Answer the question: who many times in your last 1000 trades have you exited a trade at its highest (long) or lowest (short) price with a profit? If you did this exercise, you might find out that only a small number of trades would have qualified out of that 1000. And since you know that you will be wrong most of the time, why not push those hitting and stopping times further out of reach in order to profit even more from your trading decisions?

Some wonder, apparently not many, how could such high CAGR as presented in the first post be possible? The answer is relatively simple. It was by pushing on those self-imposed hitting and stopping time delimiters. Moving price targets higher as prices got closer. And at the same time, increasing the number of trades while raising the average net profit per trade. Also, two critical numbers in any trading strategy.

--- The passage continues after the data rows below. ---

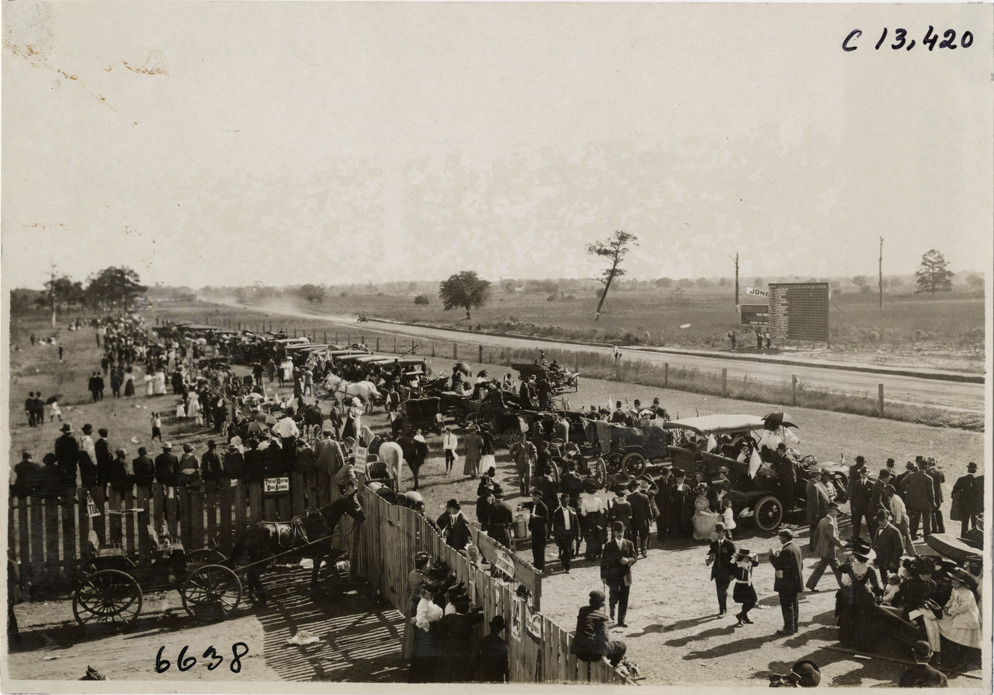Favorite this☆ Spectators, 1908 Grand Prize races Description: Bird's-eye view of spectators on roadside during the 1908 Grand Prize races in Savannah, Georgia. Cars are parked along road; fence and horse-drawn carriage in foreground. Handwritten on back: "Races and racing--Grand Prize races, 1908." Details Resource ID: na012754 Subject: Automobile racing fans--Georgia--Savannah Horse-drawn vehicles--Georgia--Savannah Automobile racing--Georgia--Savannah Photographic prints Date Issued: 1908 Format: 1 photographic print ; 4.75 x 6.75 in. Member of: National Automotive History Collection Lazarnick Collection Filing Location: Races and racing--Grand Prize Races, 1908 #8 Negative Number: Negative #C13,420 Rights: Physical rights are retained by DPL. Copyright is retained in accordance with U.S. copyright laws.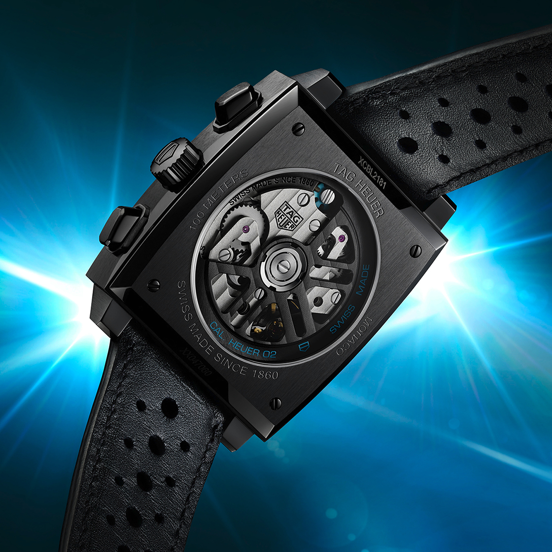 搭載Heuer 02自動機芯,具有導柱輪和垂直離合器,動力儲存80小時。透過透明錶背可以欣賞到黑色自動盤標註藍色印刷字樣的黑色自動盤,以及藍色導柱輪。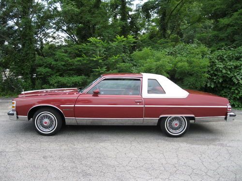 1979 Pontiac Bonneville Landau Coupe. Only 7k original miles and 100% original condition throughout! Highly equipped including padded landau top, air conditioning, cruise control, rear defroster, soft ray tinted glass, sport mirrors, power door locks, power windows, wire wheel covers. Fully documented with all Pontiac Historical Society paperwork, no disappointments. Please email or call Jason at 412-607-9757 with any questions.

The task is especially difficult if you choose an optimizer like CVXOPT to do the trading since its main task is to flatten out volatility, seek a compromise for its set of weights, and thereby, often accepting involuntarily the below price target figures. To counterbalance this, I forced the optimizer to accept my weighing scheme which allowed share accumulation financed by continuously reinvesting trading profits in order to raise the overall CAGR.

The Need to Innovate

As trading strategy designers, it is our job to be innovative and force our strategies to do more, even if it requires strategy reengineering to do so. In the above-cited strategy, I pushed even further by adding delayed gratification. This pushed the equation toward: $\Delta p = p_{t + \tau +\kappa} - p_t $ where $\,\kappa$ represent some added time beyond the first stopping time. It means that even though your trade qualified for an exit at the first stopping time, the exit is delayed further with the average expectation that $\Delta p$ will be larger and thereby generate more profits for that trade. Notice that the shorts in that scenario were also profitable where they were mostly used for protection and capital preservation.

This is the same technique I used in my DEVX8 program, which was long-only, to raise the average net profit per trade. And raising the average net profit per trade while increasing the number of round_trip trades will result in a higher payoff matrix. Which was my goal from the start. It made $\kappa$ quite valuable.

Again, we are all faced with choices. It is up to us to design the best trading strategies we can.